<p>欢迎来到斯卡拉的奇妙世界!你知道吗</p>
<p>事情有时肯定会有点混乱,但只要有一点毅力,一切皆有可能。:-)</p>
<p>异常的原因是无效的列表索引值。(如果不明显,如果您有一个包含<code>n</code>元素的列表,那么如果您试图访问任何索引超出范围<code>[0, n - 1]</code>的成员,就会出现该异常。)</p>
<p>不幸的是,您的“解决方案”只是添加了另一层列表,修复了症状,但我认为它没有解决问题。不过,对于给定的问题,您的代码正确地列出了一系列具有一个解决方案的电路板。你知道吗</p>
<p>然而,对于任何给定的电路板,这个问题有两种解决方案,它们是彼此的镜像。还有一些其他的规则是解决方案的特征,比如对于一个有<code>F</code>青蛙和<code>T</code>蟾蜍的游戏:</p>
<ul>
<li>每个解中的跳转总数是<code>F x T</code>。你知道吗</li>
<li>每个溶液中的载玻片总数为<code>F + T</code>。你知道吗</li>
<li>因此,每个解中的移动总数是<code>(F x T) + F + T</code>。你知道吗</li>
</ul>
<p>我试着理解你的代码,但我放弃了;我无法理解它!:-)相反,我编写了一个更详细一点的解决方案,但它会产生更易于理解的输出(希望您也能理解它)。你知道吗</p>
<p>顺便说一句,<em>Scala</em><code>List</code>并不是真的要以您尝试的方式使用的。每个<code>List</code>基本上由两个元素组成:一个<code>head</code>(它是列表中的第一个元素)和一个<code>tail</code>(它是包含其余元素的<code>List</code>)。值<code>Nil</code>表示空列表。这建立了一个递归关系,允许我们遍历<code>List</code>,根据需要对连续的head元素执行操作。因此,当您需要根据元素在列表中的位置来查找它时,它的性能就不太好了(这种查找的效率是<code>O(n)</code>)。一个<code>Array</code>在这方面要好得多(顺序效率<code>O(1)</code>)。你知道吗</p>
<p>另外,Scala中不鼓励使用while循环和<code>var</code>,因为有更好的方法可用。为了说明这一点,我重新编写了您的程序,以利用Scala的函数式编程功能:
你知道吗</p>
<pre><code>package org.mq.frogsandtoads
import scala.annotation.tailrec
object Main {
// Moves are to the right or to the left, so let's capture directions as
// a hierarchy of directions.
//
// (This is nicer than using integer values.)
//
// A trait is like an abstract class that takes no class arguments. A case
// object is an object that can be used in pattern matching, which we'll see
// shortly. We can't create a Direction, but we can create Right & Left.
trait Direction {
// An index multiplier. 1 = to the right, -1 to the left.
//
// This is an abstract value, overridden in base classes.
val multiplier: Int
}
case object Left extends Direction {
override val multiplier = -1
}
case object Right extends Direction {
override val multiplier = 1
}
// Let's capture frogs, toads and the hole as a hierarchy of board elements.
trait Element
// Frogs and toads are movable elements, holes are not.

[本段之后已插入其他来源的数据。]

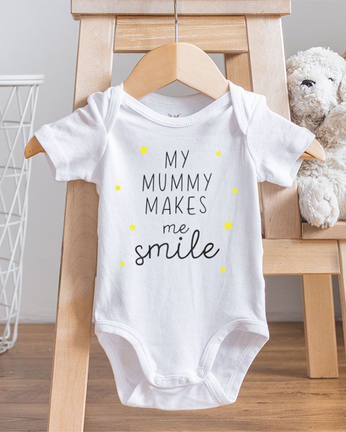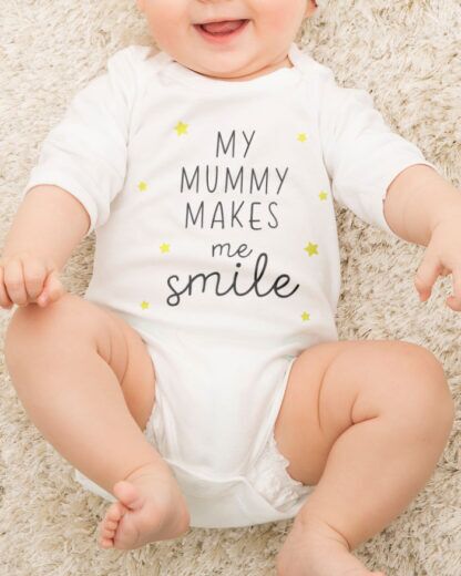 Body o T-shirt personalizzato con la frase “My mummy makes me smile” e le stelline. La frase non è modificabile.

trait MovableElement extends Element {
// Direction this element can move in.
val direction: Direction
}
// Frogs can only move to the right.
case object Frog extends MovableElement {
override val direction = Right
}
// Toads can only move to the left.
case object Toad extends MovableElement {
override val direction = Left
}
// The hole cannot be moved (directly).
case object Hole extends Element
// A "board" is now a vector of elements. So let's define a type for that.
//
// Arrays are preferable to Lists because they support efficient element
// retrieval given an index. Alas, they're also mutuable collections, which
// we typically prefer to avoid. So instead we'll use a Vector, which is
// immutable, if a little slower than an Array. I'm using it to demonstrate
// how immutable collections are used.
type Board = Vector[Element]
// Let's capture the turns as either Slides (1 position) or Jumps (2
// positions).
trait Turn {
val positions: Int
}
case object Slide extends Turn {
override val positions = 1
}
case object Jump extends Turn {
override val positions = 2
}
// A move, which applies only movable elements, consists of a turn a
// direction, and the resulting board. We'll use a case class for this.
final case class Move(turn: Turn, direction: Direction, board: Board)
// A solution is now a list of moves. This type can also be used for
// potential solutions.
type Solution = List[Move]
// A game has the specified number of frogs and toads.
final class Game(frogs: Int, toads: Int) {
// Sanity checks.
require(frogs > 0, s"Number of frogs must be positive: $frogs")
require(toads > 0, s"Number of toads must be positive: $toads")
// Size of the boards in this game: the frogs + the toads + 1 for the hole.
val boardSize = frogs + toads + 1
// Create an initial board, in which we have all the frogs, a hole then all
// the toads. Tabulate takes, as its first argument, the size of the board.
// The second argument determines what element goes into each slot.
private val initialBoard: Board = Vector.tabulate(boardSize) {i =>
// If i (a 0-based index) is less than frogs, then this is a Frog.
if(i < frogs) Frog
// If it's equal to frogs, then it is the Hole.
else if(i == frogs) Hole
// Otherwise, it's a Toad.
else Toad
}
// Create a final board. This happens when we have all the toads, the hole,
// then all the frogs. We can obtain it by reversing the initial board.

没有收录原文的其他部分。